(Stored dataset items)
● ● ● ● ● ● ●

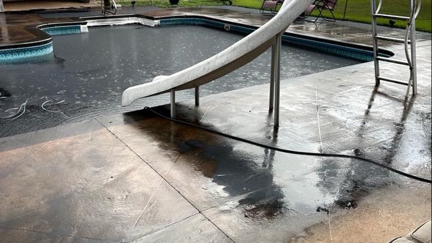 Cars, driveways, pools, turned black after raining soot or oil this afternoon and evening around Roseland. This comes after a large fire erupted, emitting lots of black smoke. The raining soot, also called "Black Rain", has a meteorological explanation.
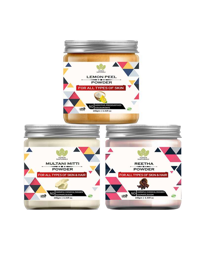 - » 100% pure & naturals lemon peel powder 100gm & multani mitti powder 100gm & reetha powder 100gm (pack of 3) 300gm
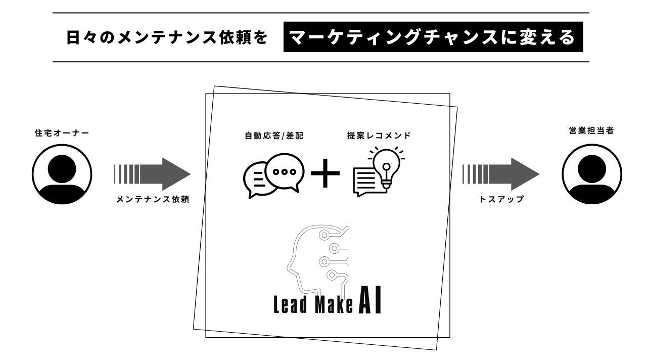 当社ではこうした課題を解決することを目指し、創業以来の住宅アフターサービス支援で蓄積したビックデータを基にした独自AIモデルによる先進AIエージェントサービス「Lead Make AI(リードメイクエーアイ)」の開発を進めてまいりました。
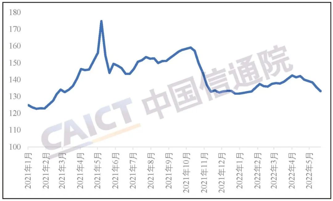 钢材价格持续下降。5月以来,钢材价格呈下降趋势。5月末,国内钢材价格指数为133.2点,环比下降6.8点,同比下降10.9点,降幅为7.6%。
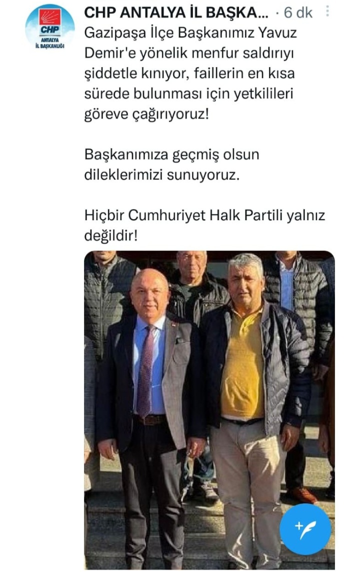 Cumhuriyet Halk Partisi (CHP) Gazipaşa İlçe Başkanı Yavuz Demir, maskeli iki kişinin saldırısına uğradı.

● ● ● ● ● ● ●

Work instructions: Transcribe, from the records above, the first line and every line after it up to and including the line with "of 3) 300gm"; omit pictures.

Result for this task:
 Cars, driveways, pools, turned black after raining soot or oil this afternoon and evening around Roseland. This comes after a large fire erupted, emitting lots of black smoke. The raining soot, also called "Black Rain", has a meteorological explanation.
 - » 100% pure & naturals lemon peel powder 100gm & multani mitti powder 100gm & reetha powder 100gm (pack of 3) 300gm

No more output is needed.